Note 9 Other provisions

2008 2007
Remuneration to former CEO 15 20
Dispute, VAT 0 4
Environmental studies 5 5
Other 4 6
24 35
Long-term 19 25
Short-term 5 10
24 35
Change for the year
Opening balance, 1 January 35 44
Remuneration paid to former CEO -5 -4
Released disputable VAT -4 -7
Release of other provisions -2 -3
Provision for environmental studies - 5
Closing balance, 31 December 24 35

County administrative boards have submitted claims to Kinnevik regarding environmental studies at a number of sites where Fagersta AB (through name changes and a merger, Investment AB Kinnevik) conducted operations until 1983. Kinnevik's position is that the Company's responsibility to perform any decontamination measures must be very limited, if any, primarily out of consideration to the long period of time that has passed since any potential contamination damages occurred and the regulations that were in force at the time, and the fact that a quarter century has passed since operations were shut down or turned over to new owners. Kinnevik has therefore not made any provisions for potential future claims for decontamination measures. SEK 5 million was provided in 2007 for potential environmental studies that Kinnevik might be required to pay for.

Note 10 Shareholders' equity

Change in shareholders' equity from the preceding year's balance sheet are presented in Movements in Shareholders' equity of the Parent Company (page 57).

Share capital

Investment AB Kinnevik's share capital as of 31 December 2008 was distributed among 263,981,930 shares with a par value of SEK 0.10 per share.

Distribution by class of shares was as follows

Number of
shares
Par value
(SEK 000s)
Class A shares 48 665 324 4 866
Class B shares 211 816 606 21 182
Class B shares in own custody 3 500 000 350
Registered number of shares 263 981 930 26 398

There were no changes in the Group's share capital during 2007. In accordance with the proposal on reclassification, approved by the Annual General Meeting held on 15 May 2008, owners of 1,531,726 class A shares did require reclassification of class A shares to class B shares. After reclassification the number of Class A shares is 48,665,324 and the number of Class B shares is 215,316,606. One class A share entitles to 10 votes and one class B share to 1 vote. All shares provide equal rights to participation in Kinnevik's assets and earnings. The total amount of votes in Kinnevik is 701,969,846. To the knowledge of the Board, there are no share agreements or share associations in Kinnevik.

The Board was authorized by the AGM 2008 to repurchase a maximum of 10% of all shares in the Company. During the year 3,500,000 class B shares, corresponding to 1.3% of the share capital, was bought back at an average price of SEK 79.68, totaling SEK 279 million. The Board will propose to the AGM 2009 that the share capital is reduced by redemption of the repurchased shares. There are no convertibles or warrants in issue.

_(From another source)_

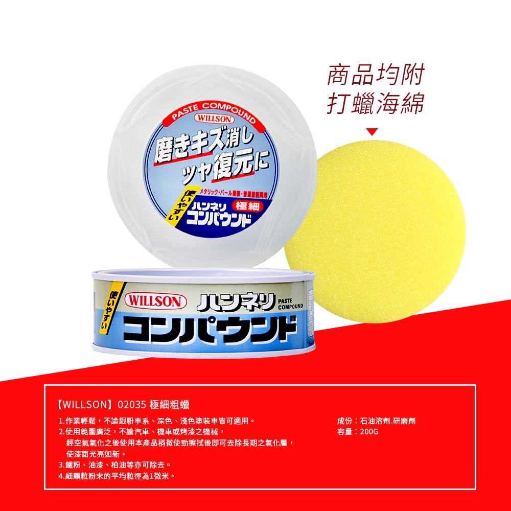 【Willson】抛光除痕粗蠟(1μm/3.5μm/7μm) 全車色適用 極細粗蠟 細目粗蠟 除痕租蠟1微米|3.5微米|7微米Wash & WaxesGoodcar168汽車精品百貨

Regarding share based long-term incentive plan (LTIP) refer to Note 27 for the Group.

Note 11 Interest-bearing loans

Interest-bearing long-term loans

2008 2007
Liabilities to credit institutions 3 710 4 141
3 710 4 141

Interest-bearing short-term loans

2008 2007
Liabilities to credit institutions 1 071 102
1 071 102

For further information about the Parent Company's interest bearing loans refer to Note 18 for the Group.

Note 12 Accrued expenses

2008 2007
Accrued personnel expenses 6 8
Accrued interest expenses 33 16
Other 3 1
42 25

Note 13 Pledged assets

2008 2007
For liabilities to credit institutions
Shares in subsidiaries 7 320 8 037
Shares in associated companies and other companies 7 106 4 038
14 426 12 075

Note 14 Contingent liabilities

2008 2007
Sureties and guarantees for subsidiaries 1 4
Guarantee commitments, FPG 1 1
2 5

Refer also to Note 9 regarding costs for decontamination of contingent contamination damages.

Note 15 Intra-group transactions

Intra-group revenue for the Parent Company amounted to SEK 12 million (12) which refer to invoicing of management fee to Korsnäs AB.

The Parent Company and the Swedish subsidiaries have their liquidity arranged through central bank accounts in different currencies. In addition the Parent Company have a number of loans to subsidiaries. Market rate of interest are charged for all those balances.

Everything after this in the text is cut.